Выбрать главу

Интерес Мацея Патковского к антивоенной тематике не случаен. Дело тут не только в верности благородным традициям польской литературы, многие представители которой внесли ощутимый творческий вклад в борьбу за мир, но и в самой биографии писателя. Патковский принадлежит к тому поколению поляков, чье детство было растоптано гитлеровской оккупацией. В юности он видел зарево напалмовых пожаров, отраженное в глазах корейских сирот, нашедших убежище на польской земле. Наконец, древний Вроцлав, где живет писатель, все чаще упоминается в подстрекательских речах боннских реваншистов, этой основной ударной силы НАТО. Словом, у Мацея Патковского достаточно поводов ненавидеть войну!

Вот почему, будучи юристом по образованию, он избрал темой своей магистерской диссертации антиправовую сущность ядерной войны. Поэтому и первая повесть Мацея Патковского «Скорпионы» посвящена разоблачению провокационных полетов американских бомбардировщиков с оружием массового уничтожения на борту.

Кроме «Скорпионов», Патковским написаны еще две повести — «Гармоника» и «Юг», рассказывающие о жизни польской молодежи. Произведения его популярны и за пределами Народной Польши. Они переводились на русский, украинский, немецкий (ГДР) и итальянский языки. Сейчас молодой писатель работает над книгой о Советском Союзе, где он побывал дважды. Мацей Патковский принадлежит к тем литераторам, творческий принцип которых — верность актуальной, современной теме.

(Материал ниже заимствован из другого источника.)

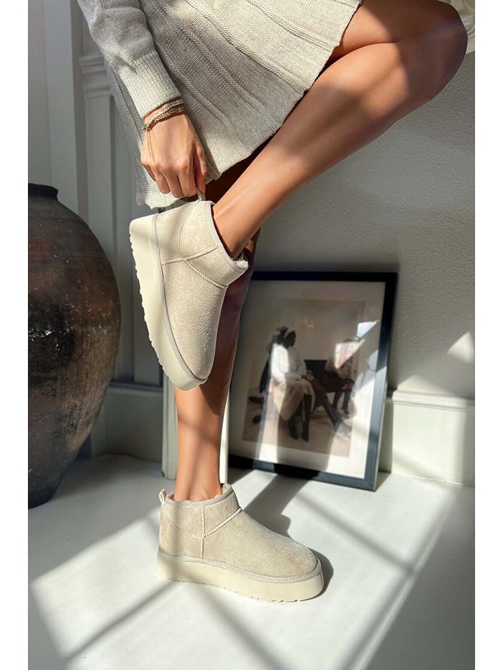 Кожаные ботильоны бежевого цвета trendyol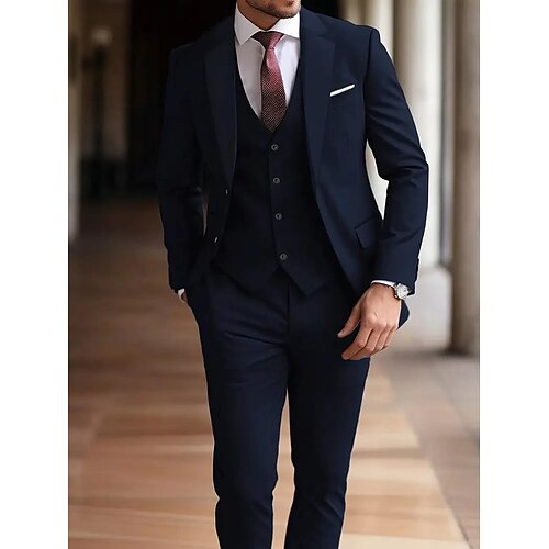 Uomo Matrimonio Casuale Abiti da lavoro Bavero classico Nero Blu marino Quotidiano Formale Tinta unita Vestibilità standard 3 pezzi Monopetto Due Bottoni

По сообщениям американской печати, недавно один из участников варварского уничтожения японских городов, майор Клод Изерли, заявил, что человек должен нести ответственность за свои поступки, а попытки прикрыться полученным приказом напоминают доводы Эйхмана. Признания реально существующего американского майора Изерли сродни тому, что пережил майор Герберт из повести «Скорпионы», осознавший свое преступление и вынесший себе приговор от имени народов всего мира.

М. Игнатов

I

Герберт допил вторую чашку кофе и отодвинул поднос. Потом достал из планшетки маленький конверт и визитную карточку.

«Приходи завтра вечером в «Новые астры», — написал он. — Обязательно. Это очень важно».

Подозвав кельнершу, он расплатился и вручил ей конверт.

— Передайте, пожалуйста, не позже завтрашнего утра.

— Не беспокойтесь, господин майор.

Он посмотрел вслед пухленькой кельнерше, перекинул планшетку через плечо и вышел из офицерской столовой.

Маленькая базарная площадь уже опустела, хотя только начинало смеркаться, Кельнеры в белых кителях вносили в бары плетеные кресла и свертывали маркизы. Из узкой улочки вынырнула машина и хлестнула пенистыми струями воды по остывающим камням мостовой. Грязные потоки смывали в водосточные канавы накопившуюся за день пыль. Дрожащие огни реклам танцевали над витринами магазинов. Даже они потеряли свою яркость под толстым слоем пыли, которая оседала на городок с нависшего над ним угрюмого каменного плоскогорья, изрезанного глубокими оврагами. Плоскогорье, дышащее зноем и гарью сожженных солнцем трав, оттеснило городок на самый край склона, подошва которого уходила в воду залива.

Автобуса еще не было, и Герберт пошел вниз, по разбитой мостовой, зажатой между каменными стенами серых зданий. Улочка террасами спускалась к берегу и скоро вывела его на деревянный мол.

На самом краю шаткого помоста дрожал огонек сигнального фонаря. На фоне залива он казался негасимым язычком лампадки перед алтарем в огромном темно-синем зале храма.

Герберт сел возле фонаря и стал смотреть на тающие во тьме очертания старых суденышек, которые ежедневно доставляли в город продукты, вино, минеральную воду. Над портом, точнее, над наспех сколоченной пристанью нависло замысловато расчлененное кольцо огней. Вверху, у маленькой базарной площади, желтые огоньки сплелись в бессмысленный рисунок. Это говорило о поспешном и небрежном строительстве.

Герберт глубоко вдохнул свежий, холодный воздух. Только здесь, у моря, можно было забыть о бесплодной холмистой пустыне, которая отрезала эту подлую дыру от нормального мира, населенного нормальными людьми.

Пожалуй, он выпил слишком много кофе. Врач разрешал четыре чашки в неделю. Для Герберта это было дневной нормой. Он сжал руку в кулак, потом разжал пальцы — они не дрожали. Проклятые пальцы — почему они и в кабинете врача никогда не дрожат?